Враги стояли лицомъ къ лицу… Обойдя стѣны, бастіоны и гласисы крѣпости, Брызгаловъ видѣлъ лезгинъ около… Тѣ, сомкнувшись, ждали. Позади двигались остальные отряды Шамиля. Сегодня и у горцевъ тихо. Задиравшіе нашихъ, джигиты не подъѣзжали къ крѣпости. Ругательства и насмѣшки оттуда не звучали въ нашу сторону. Точно и тѣ понимали, что Самурскому укрѣпленію пришелъ конецъ, что оно сегодня обречено смерти… Всюду суровыя массы непріятеля густились въ ожиданіи имама… Брызгаловъ подошелъ къ пороховому погребу и отперъ двери, чтобы въ рѣшительную минуту ихъ замки и затворы не удержали его… Отрядъ весь приготовился къ смерти… Наканунѣ солдаты и офицеры исповѣдывались и пріобщались… Тихая грусть лежала на изможденныхъ лицахъ голодныхъ людей… Они сознавали, что ихъ спасти могло-бы чудо, но чуда не ожидалъ никто! Измученные защитники орлинаго гнѣзда молились и, спокойно глядя на лезгинъ, понимали, что обезсиленныя руки и груди уже не могутъ теперь сопротивляться напору озвѣрѣлой толпы. Численность и отвага непріятеля не побѣдили-бы самурцевъ. Ихъ сломилъ голодъ. Всѣ знали, что сдачи и позорнаго плѣна не будетъ, что сегодня ждетъ ихъ отдыхъ и успокоеніе внѣ этого міра, за предѣлами мучительной жизни… «У Бога будемъ къ вечеру! — повторяли старые солдаты. — Идѣ же нѣсть болѣзни и печалей!.. До конца исполнимъ присягу»… Мехтулинъ и Амедъ горѣвшими ненавистью глазами всматривались въ сплошное наводненіе вражьихъ отрядовъ и давали другъ-другу слово умереть у порога Нины, чтобы и до взрыва ничья рука не смѣла коснуться дѣвушки. Наступилъ тотъ страшный моментъ, когда никому уже не хотѣлось жить… Всѣ какъ-то разомъ и всей душой примирились со смертью… Имъ казалось, что ея черныя, громадныя крылья уже бросили тѣнь на нихъ, и вмѣстѣ съ этою тѣнью сердца ихъ были охвачены удивительною тишиной… Такъ разомъ становилось легко, точно вся ихъ задача на землѣ была уже рѣшена, и здѣсь, среди крови и уничтоженія — нечего было дѣлать.
Вотъ вдали показалось красное пятно…
Солдаты пристально всматривались въ него… Это приближался Шамиль съ наибами… Впереди везли его значекъ, за нимъ медленно двигалась пестрая свита имама… Они не торопились сегодня.

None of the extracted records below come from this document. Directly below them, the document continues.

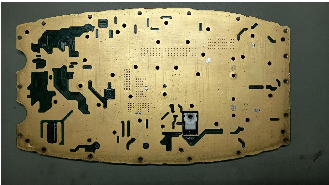
Figure 3: LGA-5005 Main Board – Bottom View
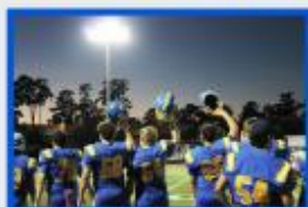
June 13-17: Football
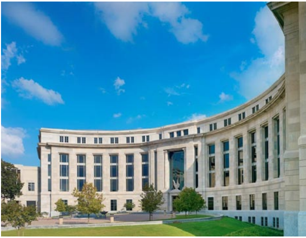
“United States Court House in Montgomery” Barganier Davis Sims Architects

Къ чему? Вѣдь добыча лежала передъ ними, вся истекая кровью… Уйти она не могла… Желѣзные когти глубоко вонзились въ ея истерзанное тѣло, — а проклевать ей голову стальнымъ клювомъ всегда успѣешь… Да и кромѣ того, горцамъ, какъ и всякому пернатому хищнику, доставляло наслажденіе видѣть агонію побѣжденнаго врага…
— Не предложить-ли имъ сдаться? — подъѣхалъ Хатхуа къ Шамилю.
— Напрасно… Они и безъ того наши…
— Но я Брызгалова знаю. Онъ взорветъ крѣпость…
— Ты забылъ, что у него тамъ дочь…
Небо здѣсь сегодня было все обложено тучами. Дождь не накрапывалъ, но, казалось, что онъ собирался на Дагестанскихъ высотахъ и ждалъ, когда къ нему стянутся остальные, еще лежавшіе въ ущельяхъ и надъ безднами ночные туманы.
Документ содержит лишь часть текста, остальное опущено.